What to produce:
In your answer, every line of the records should be written out exactly.
^^^^^^^^^^^^^^^^
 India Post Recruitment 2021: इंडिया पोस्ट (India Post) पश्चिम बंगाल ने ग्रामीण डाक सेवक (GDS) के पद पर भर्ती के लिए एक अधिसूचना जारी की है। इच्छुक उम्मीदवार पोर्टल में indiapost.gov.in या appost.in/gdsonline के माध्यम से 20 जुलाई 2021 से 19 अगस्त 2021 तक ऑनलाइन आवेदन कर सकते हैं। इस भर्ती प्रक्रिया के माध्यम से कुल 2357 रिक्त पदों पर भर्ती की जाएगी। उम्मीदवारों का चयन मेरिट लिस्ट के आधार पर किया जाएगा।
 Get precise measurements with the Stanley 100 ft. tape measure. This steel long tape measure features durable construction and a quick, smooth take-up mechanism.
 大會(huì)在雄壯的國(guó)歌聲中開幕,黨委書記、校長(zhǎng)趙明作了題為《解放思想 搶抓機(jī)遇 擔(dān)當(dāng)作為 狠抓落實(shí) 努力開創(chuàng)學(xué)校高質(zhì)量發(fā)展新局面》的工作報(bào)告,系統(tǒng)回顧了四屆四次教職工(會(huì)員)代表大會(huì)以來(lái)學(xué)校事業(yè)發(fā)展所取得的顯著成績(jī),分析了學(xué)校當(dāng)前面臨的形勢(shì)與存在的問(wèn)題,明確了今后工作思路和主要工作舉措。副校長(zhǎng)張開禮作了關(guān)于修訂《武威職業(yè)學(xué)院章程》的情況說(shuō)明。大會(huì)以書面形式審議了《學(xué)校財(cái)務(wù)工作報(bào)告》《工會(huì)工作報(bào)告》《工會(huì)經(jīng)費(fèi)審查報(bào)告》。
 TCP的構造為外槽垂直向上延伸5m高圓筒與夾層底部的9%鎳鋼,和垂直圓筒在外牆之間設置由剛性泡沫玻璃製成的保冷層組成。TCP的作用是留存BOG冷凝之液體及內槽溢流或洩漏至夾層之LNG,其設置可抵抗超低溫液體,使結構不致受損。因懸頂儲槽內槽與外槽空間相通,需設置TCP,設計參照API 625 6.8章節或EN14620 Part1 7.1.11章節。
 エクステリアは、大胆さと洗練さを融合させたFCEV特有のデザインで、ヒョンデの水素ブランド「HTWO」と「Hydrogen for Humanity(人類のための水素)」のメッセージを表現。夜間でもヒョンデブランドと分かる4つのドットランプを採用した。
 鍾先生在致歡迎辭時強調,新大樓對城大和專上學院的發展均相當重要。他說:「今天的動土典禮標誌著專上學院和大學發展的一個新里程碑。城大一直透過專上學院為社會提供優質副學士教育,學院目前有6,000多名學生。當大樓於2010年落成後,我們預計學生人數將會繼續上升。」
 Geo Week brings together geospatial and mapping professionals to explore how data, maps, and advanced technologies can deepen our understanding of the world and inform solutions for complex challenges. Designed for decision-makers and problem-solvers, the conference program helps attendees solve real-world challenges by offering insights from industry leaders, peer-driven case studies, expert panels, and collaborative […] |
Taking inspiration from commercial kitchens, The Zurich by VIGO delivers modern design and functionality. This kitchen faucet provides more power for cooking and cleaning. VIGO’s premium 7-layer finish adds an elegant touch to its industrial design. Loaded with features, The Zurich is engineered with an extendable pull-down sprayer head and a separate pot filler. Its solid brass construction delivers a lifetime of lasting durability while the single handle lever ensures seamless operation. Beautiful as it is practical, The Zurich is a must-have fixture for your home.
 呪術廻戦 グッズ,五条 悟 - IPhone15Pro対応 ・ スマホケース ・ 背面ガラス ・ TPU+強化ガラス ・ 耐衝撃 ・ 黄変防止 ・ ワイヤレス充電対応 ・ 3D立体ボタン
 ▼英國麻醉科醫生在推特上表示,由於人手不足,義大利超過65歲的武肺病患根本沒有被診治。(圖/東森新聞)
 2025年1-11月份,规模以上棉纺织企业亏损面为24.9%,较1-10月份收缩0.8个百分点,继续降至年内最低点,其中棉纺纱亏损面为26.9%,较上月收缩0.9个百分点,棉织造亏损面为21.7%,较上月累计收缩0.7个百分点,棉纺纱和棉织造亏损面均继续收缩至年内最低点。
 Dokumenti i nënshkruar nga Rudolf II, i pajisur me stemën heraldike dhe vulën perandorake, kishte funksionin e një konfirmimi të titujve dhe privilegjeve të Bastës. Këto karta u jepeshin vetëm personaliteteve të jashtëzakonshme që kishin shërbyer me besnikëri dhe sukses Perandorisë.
^^^^^^^^^^^^^^^^
Your response:
 India Post Recruitment 2021: इंडिया पोस्ट (India Post) पश्चिम बंगाल ने ग्रामीण डाक सेवक (GDS) के पद पर भर्ती के लिए एक अधिसूचना जारी की है। इच्छुक उम्मीदवार पोर्टल में indiapost.gov.in या appost.in/gdsonline के माध्यम से 20 जुलाई 2021 से 19 अगस्त 2021 तक ऑनलाइन आवेदन कर सकते हैं। इस भर्ती प्रक्रिया के माध्यम से कुल 2357 रिक्त पदों पर भर्ती की जाएगी। उम्मीदवारों का चयन मेरिट लिस्ट के आधार पर किया जाएगा।
 Get precise measurements with the Stanley 100 ft. tape measure. This steel long tape measure features durable construction and a quick, smooth take-up mechanism.
 大會(huì)在雄壯的國(guó)歌聲中開幕,黨委書記、校長(zhǎng)趙明作了題為《解放思想 搶抓機(jī)遇 擔(dān)當(dāng)作為 狠抓落實(shí) 努力開創(chuàng)學(xué)校高質(zhì)量發(fā)展新局面》的工作報(bào)告,系統(tǒng)回顧了四屆四次教職工(會(huì)員)代表大會(huì)以來(lái)學(xué)校事業(yè)發(fā)展所取得的顯著成績(jī),分析了學(xué)校當(dāng)前面臨的形勢(shì)與存在的問(wèn)題,明確了今后工作思路和主要工作舉措。副校長(zhǎng)張開禮作了關(guān)于修訂《武威職業(yè)學(xué)院章程》的情況說(shuō)明。大會(huì)以書面形式審議了《學(xué)校財(cái)務(wù)工作報(bào)告》《工會(huì)工作報(bào)告》《工會(huì)經(jīng)費(fèi)審查報(bào)告》。
 TCP的構造為外槽垂直向上延伸5m高圓筒與夾層底部的9%鎳鋼,和垂直圓筒在外牆之間設置由剛性泡沫玻璃製成的保冷層組成。TCP的作用是留存BOG冷凝之液體及內槽溢流或洩漏至夾層之LNG,其設置可抵抗超低溫液體,使結構不致受損。因懸頂儲槽內槽與外槽空間相通,需設置TCP,設計參照API 625 6.8章節或EN14620 Part1 7.1.11章節。
 エクステリアは、大胆さと洗練さを融合させたFCEV特有のデザインで、ヒョンデの水素ブランド「HTWO」と「Hydrogen for Humanity(人類のための水素)」のメッセージを表現。夜間でもヒョンデブランドと分かる4つのドットランプを採用した。
 鍾先生在致歡迎辭時強調,新大樓對城大和專上學院的發展均相當重要。他說:「今天的動土典禮標誌著專上學院和大學發展的一個新里程碑。城大一直透過專上學院為社會提供優質副學士教育,學院目前有6,000多名學生。當大樓於2010年落成後,我們預計學生人數將會繼續上升。」
 Geo Week brings together geospatial and mapping professionals to explore how data, maps, and advanced technologies can deepen our understanding of the world and inform solutions for complex challenges. Designed for decision-makers and problem-solvers, the conference program helps attendees solve real-world challenges by offering insights from industry leaders, peer-driven case studies, expert panels, and collaborative […] |
Taking inspiration from commercial kitchens, The Zurich by VIGO delivers modern design and functionality. This kitchen faucet provides more power for cooking and cleaning. VIGO’s premium 7-layer finish adds an elegant touch to its industrial design. Loaded with features, The Zurich is engineered with an extendable pull-down sprayer head and a separate pot filler. Its solid brass construction delivers a lifetime of lasting durability while the single handle lever ensures seamless operation. Beautiful as it is practical, The Zurich is a must-have fixture for your home.
 呪術廻戦 グッズ,五条 悟 - IPhone15Pro対応 ・ スマホケース ・ 背面ガラス ・ TPU+強化ガラス ・ 耐衝撃 ・ 黄変防止 ・ ワイヤレス充電対応 ・ 3D立体ボタン
 ▼英國麻醉科醫生在推特上表示,由於人手不足,義大利超過65歲的武肺病患根本沒有被診治。(圖/東森新聞)
 2025年1-11月份,规模以上棉纺织企业亏损面为24.9%,较1-10月份收缩0.8个百分点,继续降至年内最低点,其中棉纺纱亏损面为26.9%,较上月收缩0.9个百分点,棉织造亏损面为21.7%,较上月累计收缩0.7个百分点,棉纺纱和棉织造亏损面均继续收缩至年内最低点。
 Dokumenti i nënshkruar nga Rudolf II, i pajisur me stemën heraldike dhe vulën perandorake, kishte funksionin e një konfirmimi të titujve dhe privilegjeve të Bastës. Këto karta u jepeshin vetëm personaliteteve të jashtëzakonshme që kishin shërbyer me besnikëri dhe sukses Perandorisë.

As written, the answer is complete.